Nothing besides a number belongs in the answer, which is how many lines of the listing contain the string "with".
-- Records to process follows --
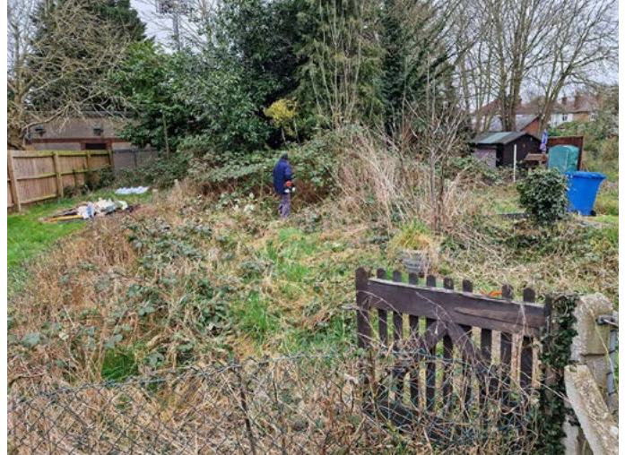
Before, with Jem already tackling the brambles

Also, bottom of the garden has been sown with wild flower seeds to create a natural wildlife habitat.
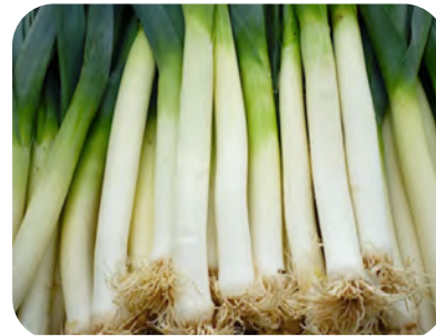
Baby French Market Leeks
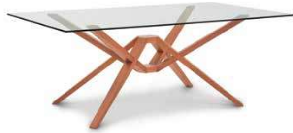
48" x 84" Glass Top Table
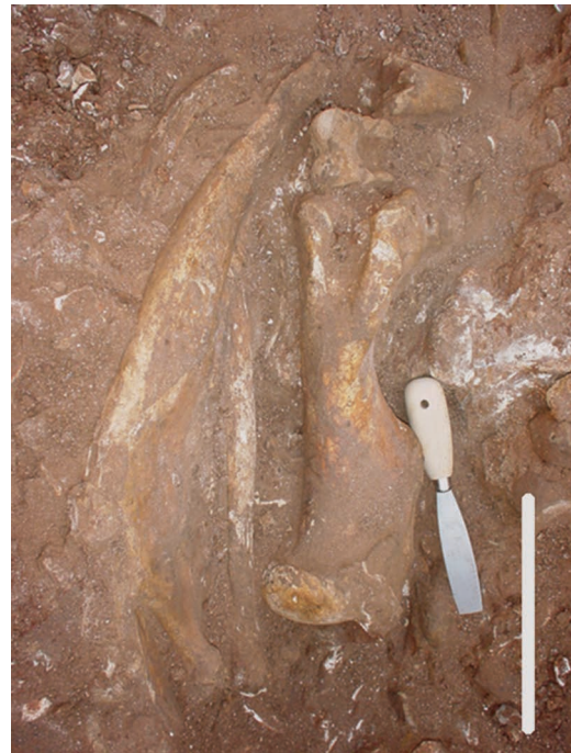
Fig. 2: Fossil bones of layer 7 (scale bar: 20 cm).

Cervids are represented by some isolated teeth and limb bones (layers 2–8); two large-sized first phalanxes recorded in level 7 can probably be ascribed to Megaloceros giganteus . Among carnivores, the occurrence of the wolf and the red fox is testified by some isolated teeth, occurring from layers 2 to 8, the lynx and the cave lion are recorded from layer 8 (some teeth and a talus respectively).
-- Records to process concluded --
-- Records to process follows --
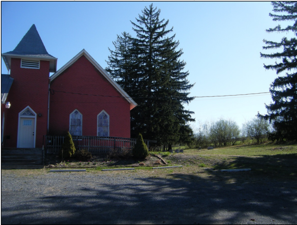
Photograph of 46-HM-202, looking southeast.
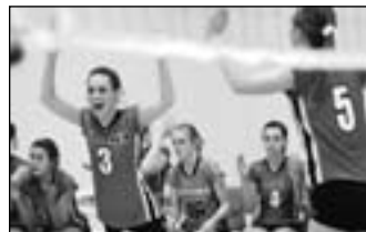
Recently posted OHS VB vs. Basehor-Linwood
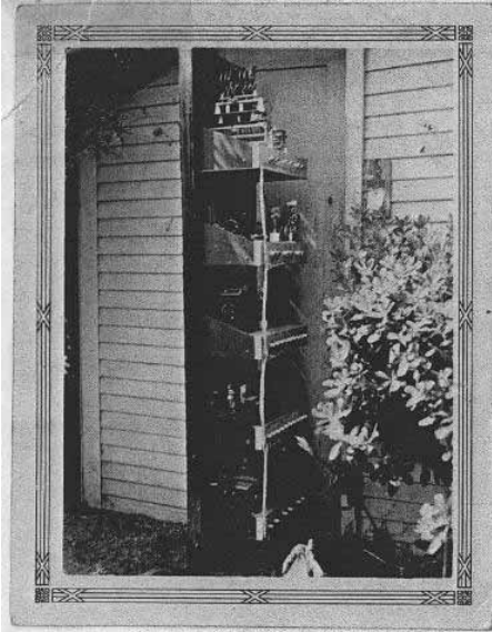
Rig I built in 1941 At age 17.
-- Records to process concluded --
#### [Response area]
2